### [Instructions to follow]
Quote word for word the lines below, beginning with the first and ending with the one that has "Witte schotel mert". Drop the pictures.

### [Provided material]
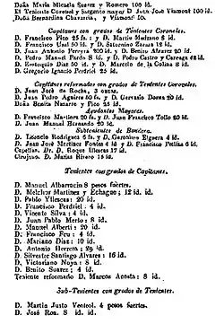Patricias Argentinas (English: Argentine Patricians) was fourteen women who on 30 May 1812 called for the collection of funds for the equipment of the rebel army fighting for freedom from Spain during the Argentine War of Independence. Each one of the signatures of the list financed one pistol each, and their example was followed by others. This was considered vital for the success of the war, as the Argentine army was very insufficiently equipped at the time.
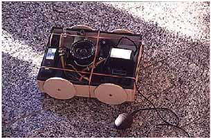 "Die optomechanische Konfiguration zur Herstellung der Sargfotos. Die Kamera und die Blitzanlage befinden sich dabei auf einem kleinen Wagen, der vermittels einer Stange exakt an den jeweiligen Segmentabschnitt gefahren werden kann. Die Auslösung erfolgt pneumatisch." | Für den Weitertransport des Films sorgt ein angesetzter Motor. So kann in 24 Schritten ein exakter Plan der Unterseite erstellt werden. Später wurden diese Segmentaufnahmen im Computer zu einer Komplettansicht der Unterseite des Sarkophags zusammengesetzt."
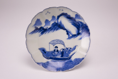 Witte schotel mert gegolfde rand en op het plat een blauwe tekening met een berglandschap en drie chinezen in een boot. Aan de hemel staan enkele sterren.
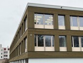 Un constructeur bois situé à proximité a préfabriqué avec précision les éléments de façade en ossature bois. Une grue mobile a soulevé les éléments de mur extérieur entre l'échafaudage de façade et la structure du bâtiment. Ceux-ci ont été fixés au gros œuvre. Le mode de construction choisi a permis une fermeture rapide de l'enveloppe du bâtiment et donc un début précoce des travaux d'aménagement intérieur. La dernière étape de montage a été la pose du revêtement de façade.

### [Your response]
Patricias Argentinas (English: Argentine Patricians) was fourteen women who on 30 May 1812 called for the collection of funds for the equipment of the rebel army fighting for freedom from Spain during the Argentine War of Independence. Each one of the signatures of the list financed one pistol each, and their example was followed by others. This was considered vital for the success of the war, as the Argentine army was very insufficiently equipped at the time.
 "Die optomechanische Konfiguration zur Herstellung der Sargfotos. Die Kamera und die Blitzanlage befinden sich dabei auf einem kleinen Wagen, der vermittels einer Stange exakt an den jeweiligen Segmentabschnitt gefahren werden kann. Die Auslösung erfolgt pneumatisch." | Für den Weitertransport des Films sorgt ein angesetzter Motor. So kann in 24 Schritten ein exakter Plan der Unterseite erstellt werden. Später wurden diese Segmentaufnahmen im Computer zu einer Komplettansicht der Unterseite des Sarkophags zusammengesetzt."
 Witte schotel mert gegolfde rand en op het plat een blauwe tekening met een berglandschap en drie chinezen in een boot. Aan de hemel staan enkele sterren.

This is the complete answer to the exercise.